INSTRUCTIONS TO FOLLOW → Starting at the line that contains "During the 1964" and stopping at the line that contains "(Rick Egan |", transcribe every line of the material below exactly; pictures stay out.

TASK MATERIAL →
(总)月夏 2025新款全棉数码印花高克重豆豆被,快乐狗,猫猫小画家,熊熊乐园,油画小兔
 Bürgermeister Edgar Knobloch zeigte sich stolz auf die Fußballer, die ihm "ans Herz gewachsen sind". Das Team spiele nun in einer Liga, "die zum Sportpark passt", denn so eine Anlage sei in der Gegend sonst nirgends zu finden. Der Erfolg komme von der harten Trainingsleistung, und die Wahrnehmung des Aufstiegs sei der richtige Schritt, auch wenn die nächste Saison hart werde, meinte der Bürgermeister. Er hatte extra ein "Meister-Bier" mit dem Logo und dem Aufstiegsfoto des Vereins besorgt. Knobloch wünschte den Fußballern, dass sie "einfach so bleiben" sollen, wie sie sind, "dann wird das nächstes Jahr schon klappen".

---

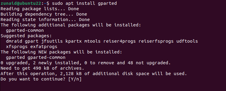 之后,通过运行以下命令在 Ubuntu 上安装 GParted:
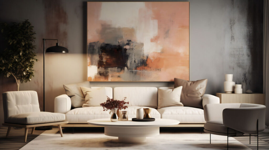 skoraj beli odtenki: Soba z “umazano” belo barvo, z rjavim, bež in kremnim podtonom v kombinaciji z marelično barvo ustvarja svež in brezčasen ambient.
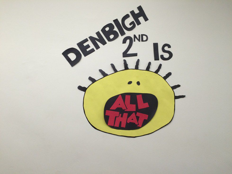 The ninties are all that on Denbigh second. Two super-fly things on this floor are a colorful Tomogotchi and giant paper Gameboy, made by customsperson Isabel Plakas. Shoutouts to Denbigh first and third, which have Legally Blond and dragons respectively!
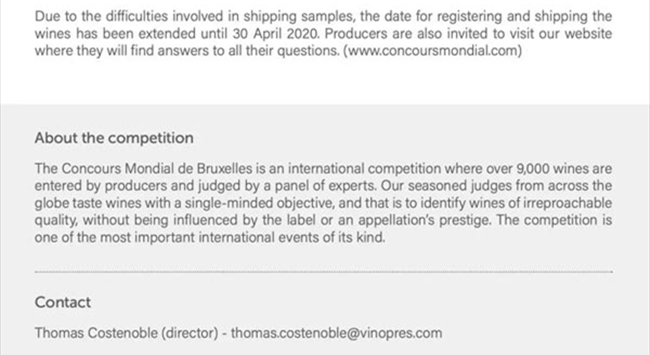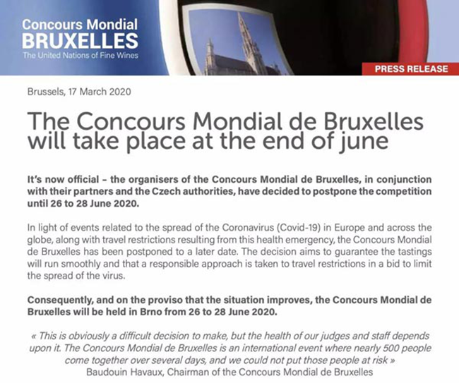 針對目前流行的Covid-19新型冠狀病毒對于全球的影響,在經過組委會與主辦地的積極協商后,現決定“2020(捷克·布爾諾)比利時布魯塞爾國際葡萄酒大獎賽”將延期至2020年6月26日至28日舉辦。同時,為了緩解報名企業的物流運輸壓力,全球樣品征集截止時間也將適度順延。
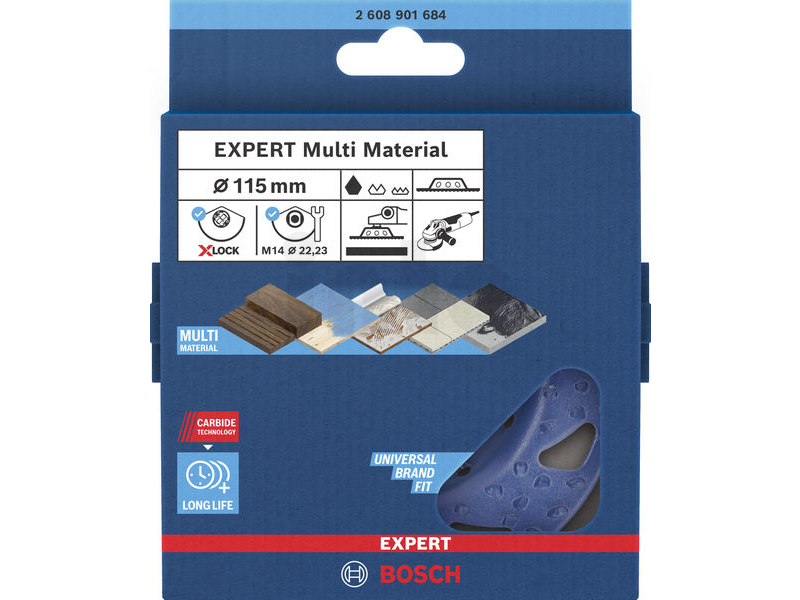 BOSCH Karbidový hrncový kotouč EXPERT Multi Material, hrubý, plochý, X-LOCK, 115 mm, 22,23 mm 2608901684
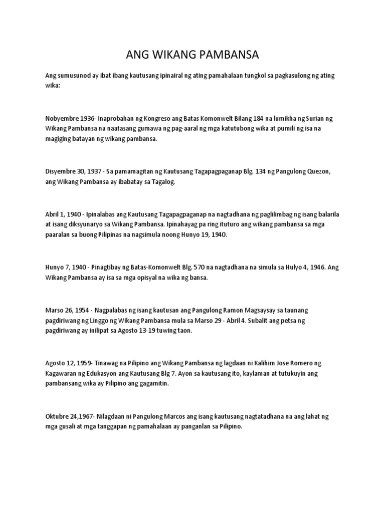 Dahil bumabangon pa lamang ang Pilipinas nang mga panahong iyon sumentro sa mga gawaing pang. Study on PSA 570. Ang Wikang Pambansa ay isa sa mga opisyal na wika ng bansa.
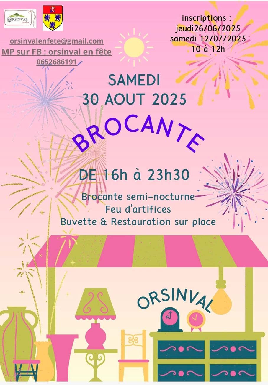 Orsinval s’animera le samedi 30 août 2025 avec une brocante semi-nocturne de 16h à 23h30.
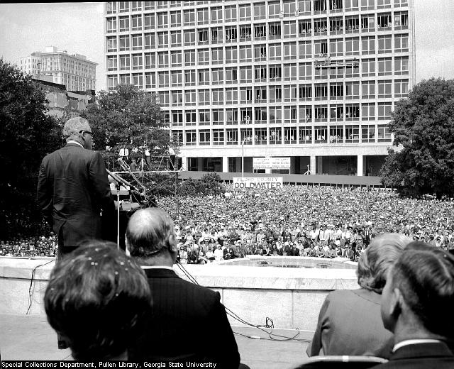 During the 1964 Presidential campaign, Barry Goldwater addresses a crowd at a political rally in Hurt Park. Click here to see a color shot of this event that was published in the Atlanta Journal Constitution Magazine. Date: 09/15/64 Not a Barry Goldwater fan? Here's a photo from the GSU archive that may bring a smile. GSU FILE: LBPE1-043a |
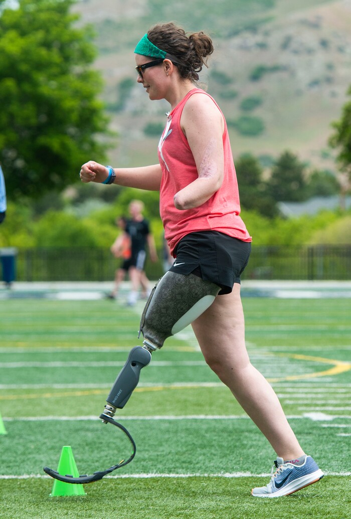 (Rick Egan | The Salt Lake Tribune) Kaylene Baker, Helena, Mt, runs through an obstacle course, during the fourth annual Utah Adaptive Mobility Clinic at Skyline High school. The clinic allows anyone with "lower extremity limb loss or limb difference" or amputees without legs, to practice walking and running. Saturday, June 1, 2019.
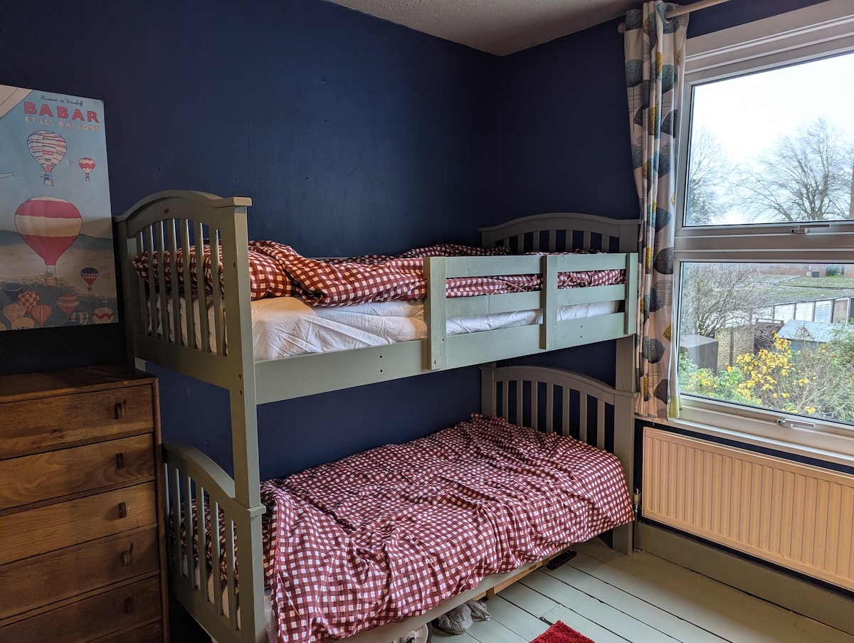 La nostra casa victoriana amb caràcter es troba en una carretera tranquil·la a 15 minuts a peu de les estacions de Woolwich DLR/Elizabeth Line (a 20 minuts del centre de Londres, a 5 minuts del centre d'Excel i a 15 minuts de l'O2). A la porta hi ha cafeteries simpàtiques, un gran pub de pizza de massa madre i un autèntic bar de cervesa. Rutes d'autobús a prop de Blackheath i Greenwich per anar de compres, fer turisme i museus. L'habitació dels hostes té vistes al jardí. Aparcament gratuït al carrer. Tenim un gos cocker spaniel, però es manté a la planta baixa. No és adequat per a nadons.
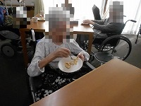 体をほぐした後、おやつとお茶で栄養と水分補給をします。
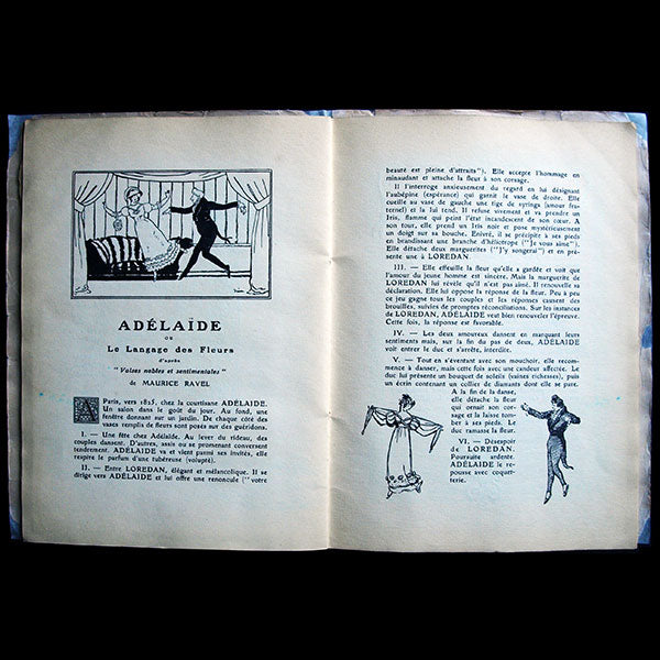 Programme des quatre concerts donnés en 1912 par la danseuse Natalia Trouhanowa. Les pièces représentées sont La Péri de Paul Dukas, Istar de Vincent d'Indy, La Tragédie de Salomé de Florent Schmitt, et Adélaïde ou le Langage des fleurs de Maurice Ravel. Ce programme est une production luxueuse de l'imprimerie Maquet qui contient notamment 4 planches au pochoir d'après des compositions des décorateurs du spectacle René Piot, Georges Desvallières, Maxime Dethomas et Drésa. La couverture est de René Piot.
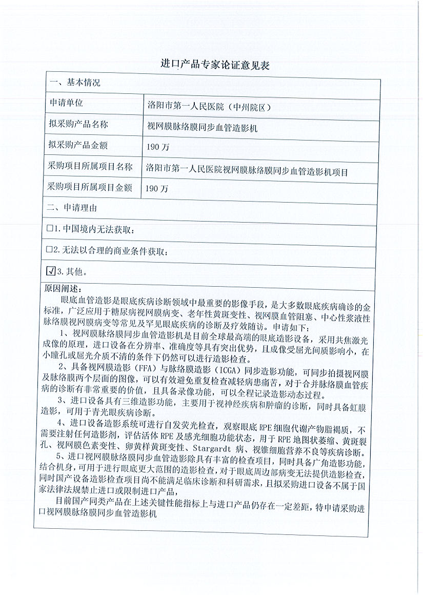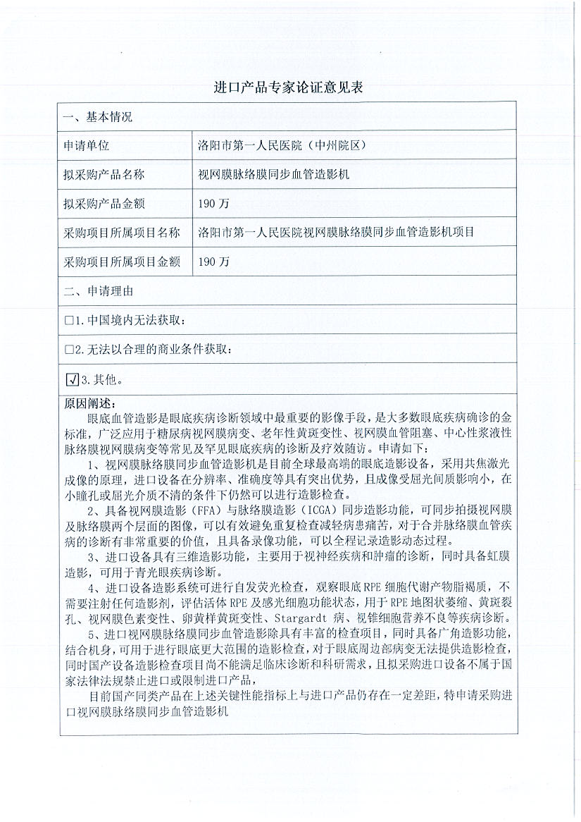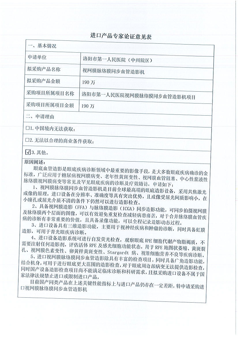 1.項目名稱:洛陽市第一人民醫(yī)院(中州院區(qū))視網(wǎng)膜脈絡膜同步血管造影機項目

EXERCISE RESPONSE →
 During the 1964 Presidential campaign, Barry Goldwater addresses a crowd at a political rally in Hurt Park. Click here to see a color shot of this event that was published in the Atlanta Journal Constitution Magazine. Date: 09/15/64 Not a Barry Goldwater fan? Here's a photo from the GSU archive that may bring a smile. GSU FILE: LBPE1-043a |
 (Rick Egan | The Salt Lake Tribune) Kaylene Baker, Helena, Mt, runs through an obstacle course, during the fourth annual Utah Adaptive Mobility Clinic at Skyline High school. The clinic allows anyone with "lower extremity limb loss or limb difference" or amputees without legs, to practice walking and running. Saturday, June 1, 2019.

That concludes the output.